Why is pain essential?
Without pain it is impossible to live a normal healthy life (those who are congenitally insensitive to pain). Being unable to feel pain actually shortens an individuals life.
- Individuals who do not perceive pain will get many injuries when they are young and repeat them because they haven’t felt any pain and thus haven’t learnt to avoid harmful behaviour. When they grow up they may become extremely overcautious but still get injured. They are also less likely to recognise symptoms of pathology e.g. Appendicitis and they often suffer from joint degeneration e.g. Opening door, our body tells us to adjust movement if it hurts but they don’t get it.
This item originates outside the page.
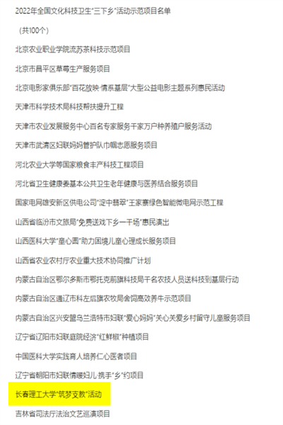 “筑梦支教”活动曾获长春市大中专学生暑期“三下乡”社会实践活动优秀团队、2022年度吉林省优秀志愿服务项目等荣誉。

Describe the a nociceptor pathway of pain using treading on glass as an example
- Stepping on glass is the noxious (mechanical) stimuli that will damage tissue and activate a-delta fibres.
- The fibres are fast and will quickly send impulses to the spinal cord to generate protective reflexes by activating projection cell and interneurones.
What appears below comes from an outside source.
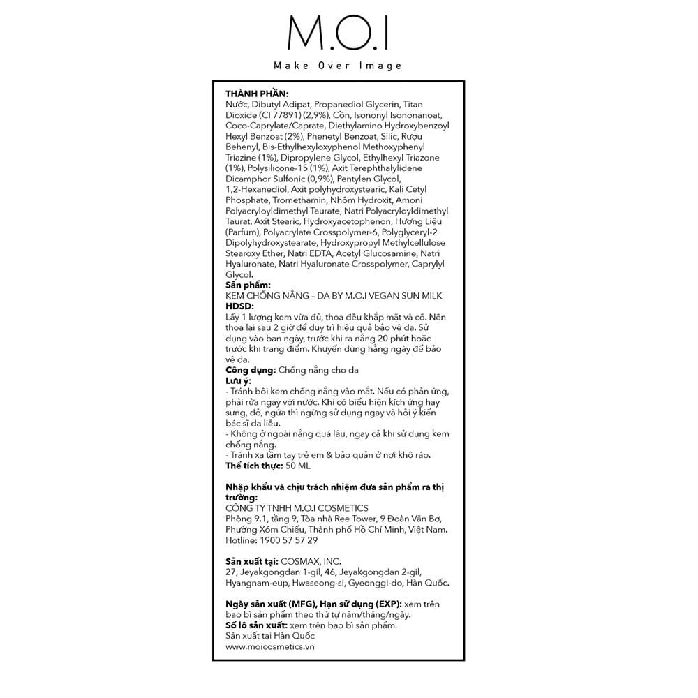 – Công ty chịu trách nhiệm nhập khẩu và phân phối độc quyền: CÔNG TY TNHH M.O.I COSMETICS

- In this case, the protective reflex is the withdrawal reflex where flexors will be activated and the other leg will extend to support the weight.
- While the reflex has been occuring, the signal will have reached our brain via the anterolateral spinal tract so we feel the sharp stabbing pain.
Describe the c nociceptor pathway of pain using treading on glass as an example
- While the a-fibre pathway is occurring, our c-fibres get activated by either the mechanical stimulus or by the tissue damage (release of potassium and inflammation).
- These fibres are slow so they release protective reflex that immobilises and protects against exacerbating the injury.
- In this case, the heel may go stiff (muscles here tense)
.- Eventually signals reach the brain and we feel the aching pain.
What is the consequence of the perception of pain from nociceptors? Give examples in context with glass in feet
- It will force us into remedial action as pain is unpleasant. This is to treat the injury. If we don’t take appropriate remedial action we may get an infection which makes things worse and more painful, which we will also learn from.
- We will also learn from the injury to avoid the pain e.g. to not walk barefoot in sand.
What is the problem with pain?
Once pain has served its purpose, it becomes part of the problem. Pain also doesn’t always have a clear purpose.
How is pain a function of the somatosensory system?
The pathways carrying and interpreting pain stimuli are closely associated with other somatosensory pathways so pain would fit into the sensation and perception part of the CNS function.
- Sensation is the awareness that an event has occurred.
- Perception is the processing of the sensation.
Describe the somatosensory pathway for gently touch
- Touch receptor afferent goes back to the spinal column and goes up the dorsal columns in the medulla.
- At the top, it synapses with the secondary afferent and crosses over at the dorsal column nuclei.
- From here it goes up to its specific area in the thalamus, the ventral posterior nuclei which is the somatosensory relay of the brain.
- It then synapses with a third afferent and is relayed up to the cortex.
What is the equivalent pain pathway to the somatosensory pathway for gentle touch?
The lateral pain pathway. The first synapse with the secondary afferents in the dorsal horn, but then the axon secondary aferent crosses the midline and ascends mainly in the anterolateral tract. This bypasses the brainstem and heads straight to the nucleus in the thalamus via internal capsule.